In terms of bookings, you’re always taking a risk. I try to push something I’m really into and sometimes it works out really well, and sometimes it doesn’t. Sometimes I bring somebody just too soon, a little bit ahead of the curve before the fans have caught on to it. It’s hard to monetize but you have to start somewhere and someone has to take those risks.


Photo Credit: Stuart Tracte


It doesn’t seem like any of your booking decisions are reliant on the artist’s social media presence, which is refreshing.

That’s something that doesn’t matter in Miami. The last four or five years, our crowd has become very educated in music. They’re very informed. Venues like Treehouse and the Electric Pickle and Do Not Sit On The Furniture book really obscure acts from places like Albania. They’re small rooms, 150-person capacity but they’re packing them out. It just shows that people are really into these up-and-coming sounds. At the same time, I can’t do those artists at my venue because of the size of the room. Not yet. You have to put a little bit of business into the decision making when it comes to clubs like Heart, Space, and Trade.


With all these clubs in such close proximity, is the competition quite fierce?

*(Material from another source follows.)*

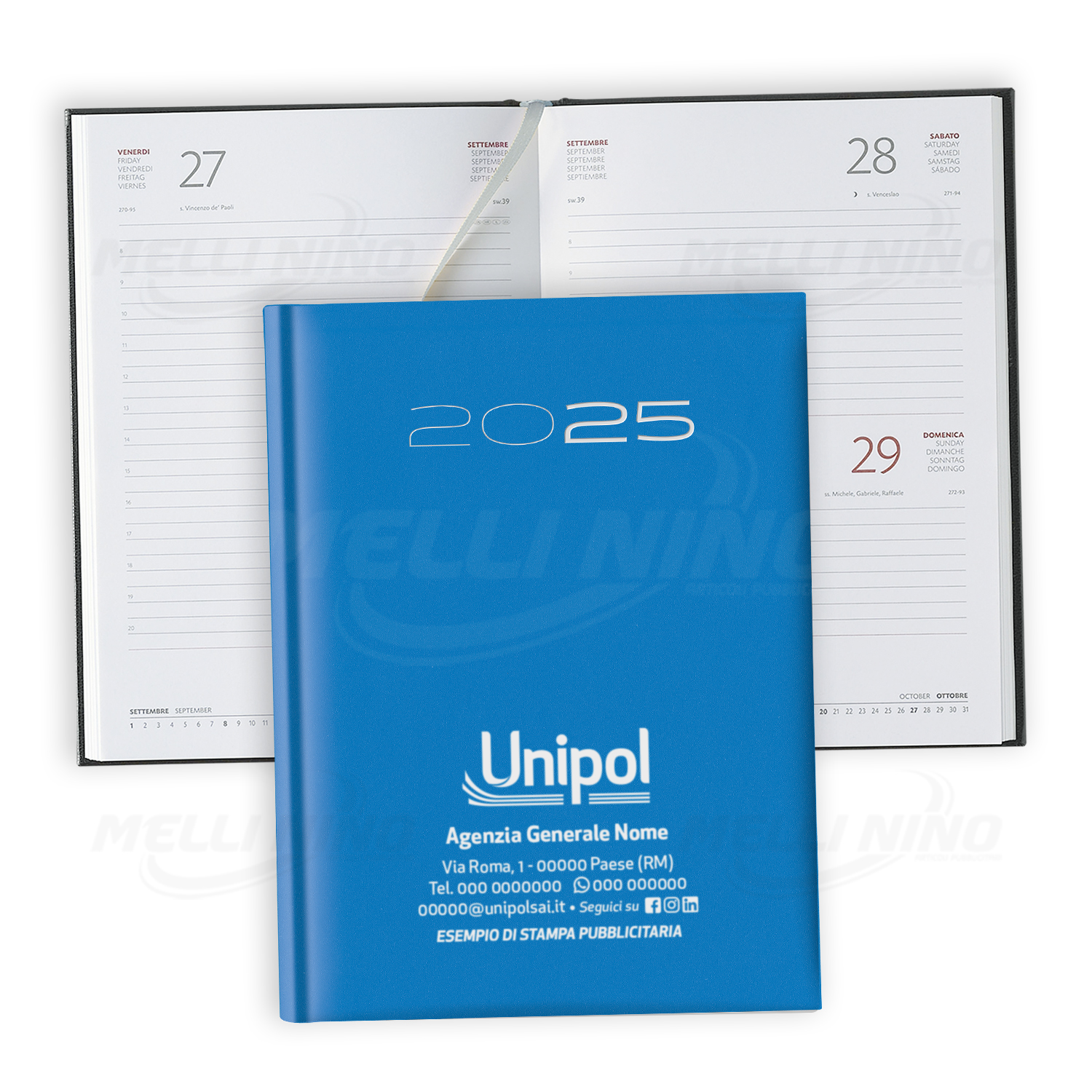 Agenda Giornaliera, dimensione 15×21 cm. circa, ordinabile con solo logo Unipol sulla copertina o personalizzabile con la propria grafica, ad un colore, a partire da 30 pezzi. Interno Multilingue stampato a 2 colori con sabato e domenica abbinati, rubrica telefonica, cartina geografica, festività nel mondo. Fornita senza astuccio (ordinabile a parte).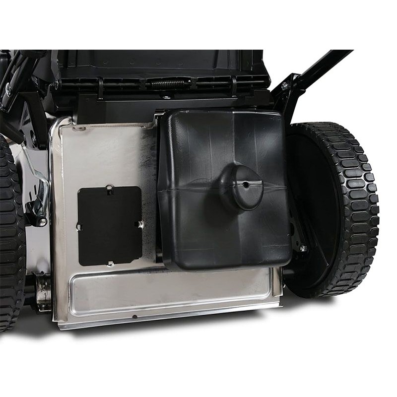 Il telaio in acciaio inox da 2 mm e il raccoglitore semirigido da 70 litri assicurano durata e comfort durante l'uso. Questo modello semovente consente di regolare la velocità con tre opzioni disponibili, rendendo facile l'adattamento a diversi terreni.

We’re all friends when the clubs aren’t open but when it’s game time, we’re competitors. It’s a growing market, especially for the underground sound. If it was four or five years ago, it might have been too close with Space and the Electric Pickle doing this kind of stuff. But now in Miami, there’s probably five or six clubs doing underground music. There is more underground music then there is commercial music, which is great. It shows that the consumers are finally getting out of their comfort zone.